Materials provided START

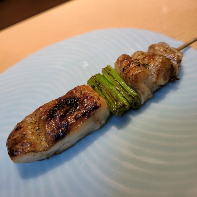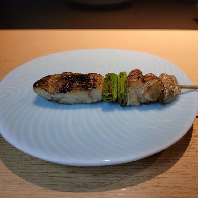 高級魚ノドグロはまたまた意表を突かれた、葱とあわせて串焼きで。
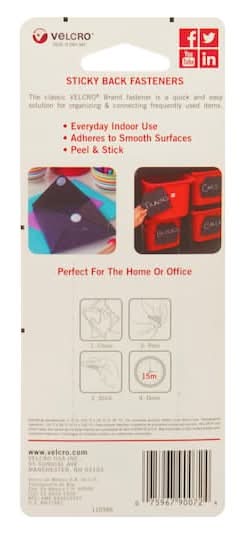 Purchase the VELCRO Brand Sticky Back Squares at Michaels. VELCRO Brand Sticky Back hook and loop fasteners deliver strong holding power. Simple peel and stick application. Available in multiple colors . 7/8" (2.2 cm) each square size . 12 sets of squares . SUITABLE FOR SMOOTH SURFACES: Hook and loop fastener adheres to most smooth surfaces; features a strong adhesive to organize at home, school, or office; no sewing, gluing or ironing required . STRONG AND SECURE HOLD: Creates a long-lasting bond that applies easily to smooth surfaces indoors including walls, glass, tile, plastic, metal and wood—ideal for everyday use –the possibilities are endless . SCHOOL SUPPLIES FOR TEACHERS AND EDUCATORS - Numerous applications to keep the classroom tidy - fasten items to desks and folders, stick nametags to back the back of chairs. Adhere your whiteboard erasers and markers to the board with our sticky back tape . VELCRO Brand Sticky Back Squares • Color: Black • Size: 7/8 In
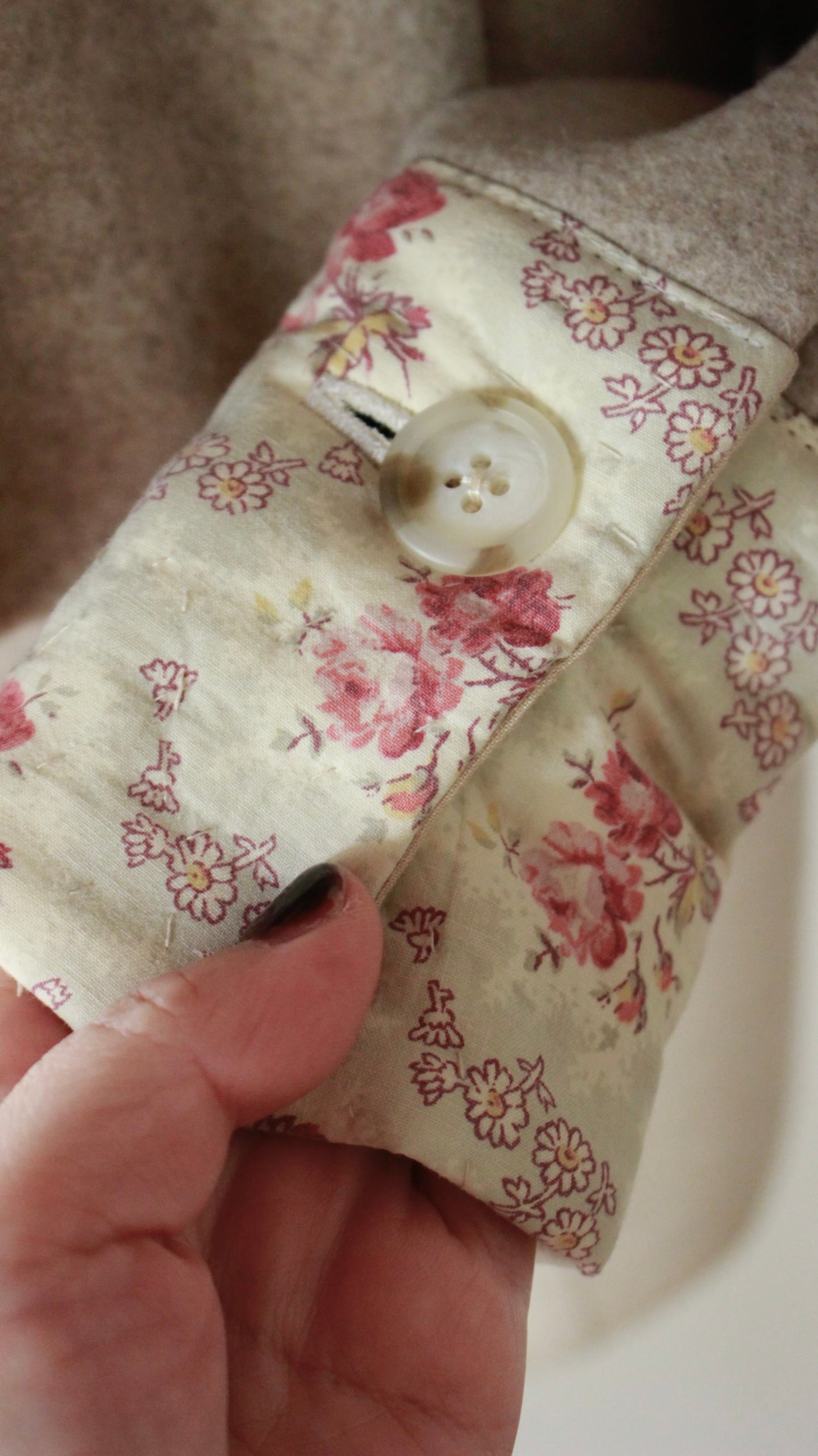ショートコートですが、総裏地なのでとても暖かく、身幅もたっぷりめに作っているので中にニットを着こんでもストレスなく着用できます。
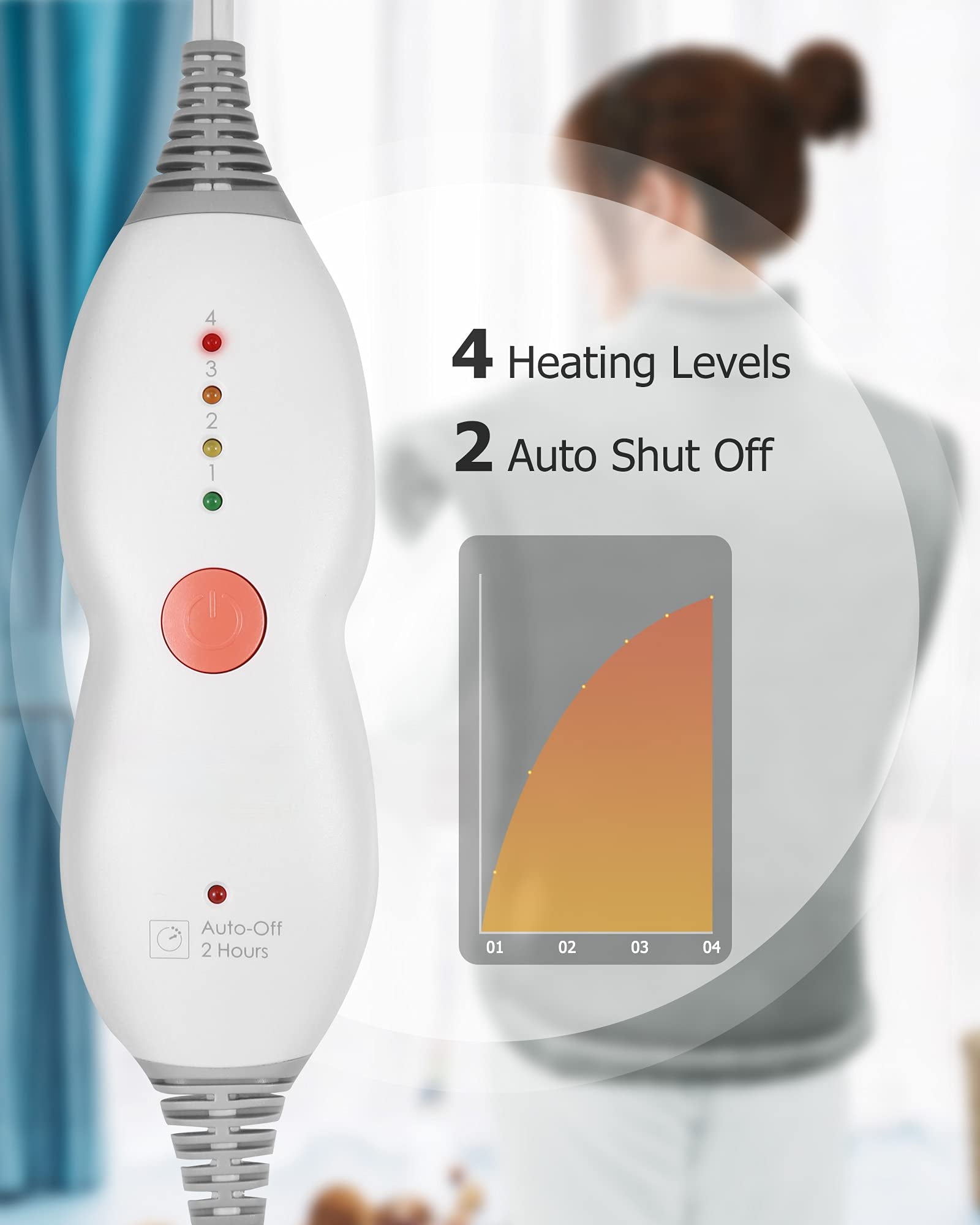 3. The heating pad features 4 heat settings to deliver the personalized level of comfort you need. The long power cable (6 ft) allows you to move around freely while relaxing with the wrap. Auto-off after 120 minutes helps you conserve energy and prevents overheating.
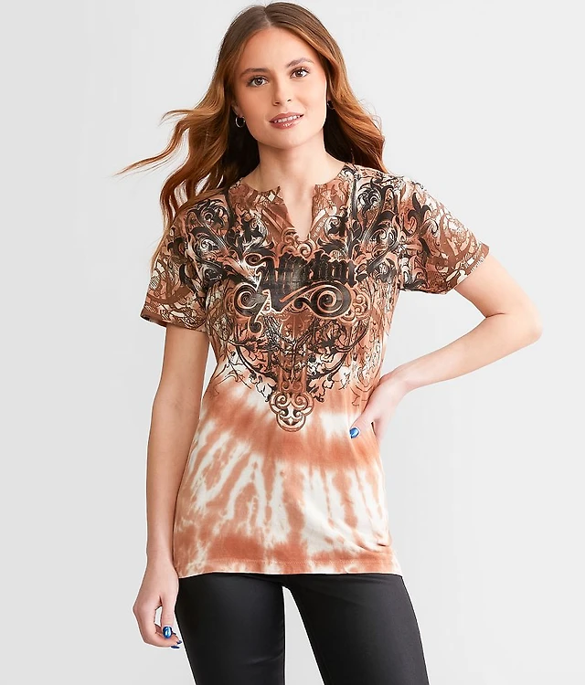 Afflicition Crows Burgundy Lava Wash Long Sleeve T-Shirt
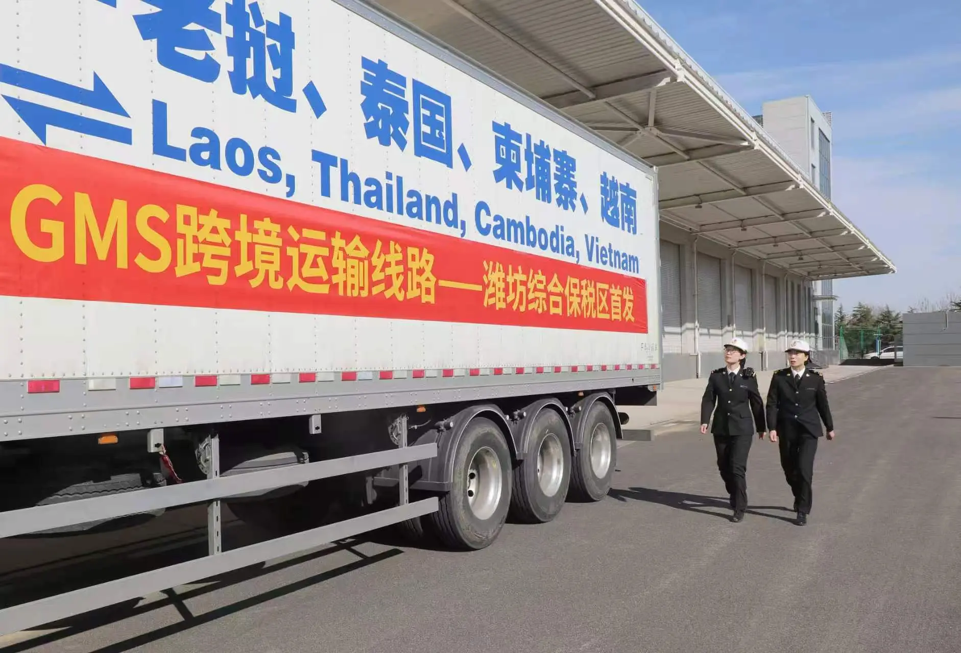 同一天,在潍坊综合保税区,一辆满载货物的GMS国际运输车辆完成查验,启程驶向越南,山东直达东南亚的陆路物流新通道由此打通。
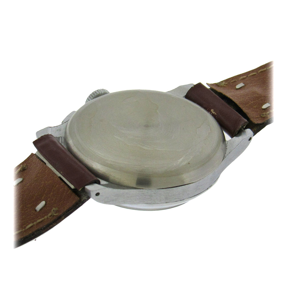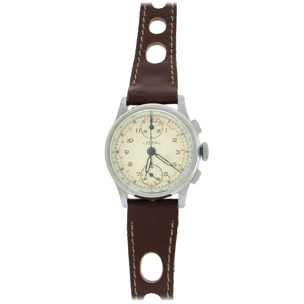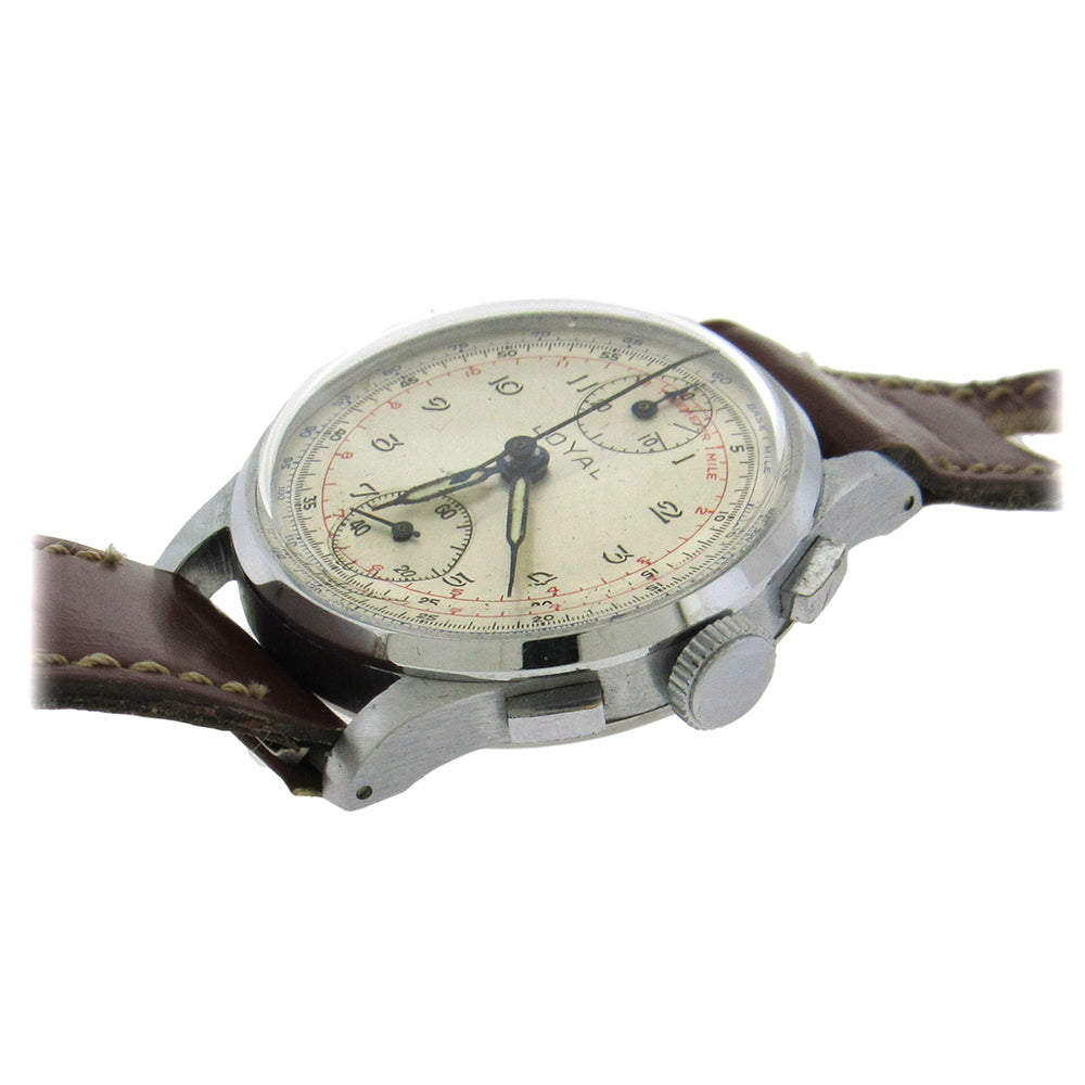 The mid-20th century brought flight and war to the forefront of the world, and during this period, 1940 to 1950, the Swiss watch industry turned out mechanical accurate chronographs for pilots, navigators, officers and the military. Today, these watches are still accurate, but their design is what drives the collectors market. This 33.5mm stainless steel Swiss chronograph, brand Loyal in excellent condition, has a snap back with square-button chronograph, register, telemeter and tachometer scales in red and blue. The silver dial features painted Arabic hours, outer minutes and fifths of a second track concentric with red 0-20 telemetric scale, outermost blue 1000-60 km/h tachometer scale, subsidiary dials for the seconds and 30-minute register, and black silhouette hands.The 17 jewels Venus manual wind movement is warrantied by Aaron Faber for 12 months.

Materials provided END

◆ Problem statement ◆
Make an exact copy of the lines from the top of the material through the line with "同一天,在潍坊综合保税区,一", pictures excluded.

◆ Exercise result ◆
 高級魚ノドグロはまたまた意表を突かれた、葱とあわせて串焼きで。
 Purchase the VELCRO Brand Sticky Back Squares at Michaels. VELCRO Brand Sticky Back hook and loop fasteners deliver strong holding power. Simple peel and stick application. Available in multiple colors . 7/8" (2.2 cm) each square size . 12 sets of squares . SUITABLE FOR SMOOTH SURFACES: Hook and loop fastener adheres to most smooth surfaces; features a strong adhesive to organize at home, school, or office; no sewing, gluing or ironing required . STRONG AND SECURE HOLD: Creates a long-lasting bond that applies easily to smooth surfaces indoors including walls, glass, tile, plastic, metal and wood—ideal for everyday use –the possibilities are endless . SCHOOL SUPPLIES FOR TEACHERS AND EDUCATORS - Numerous applications to keep the classroom tidy - fasten items to desks and folders, stick nametags to back the back of chairs. Adhere your whiteboard erasers and markers to the board with our sticky back tape . VELCRO Brand Sticky Back Squares • Color: Black • Size: 7/8 In
ショートコートですが、総裏地なのでとても暖かく、身幅もたっぷりめに作っているので中にニットを着こんでもストレスなく着用できます。
 3. The heating pad features 4 heat settings to deliver the personalized level of comfort you need. The long power cable (6 ft) allows you to move around freely while relaxing with the wrap. Auto-off after 120 minutes helps you conserve energy and prevents overheating.
 Afflicition Crows Burgundy Lava Wash Long Sleeve T-Shirt
 同一天,在潍坊综合保税区,一辆满载货物的GMS国际运输车辆完成查验,启程驶向越南,山东直达东南亚的陆路物流新通道由此打通。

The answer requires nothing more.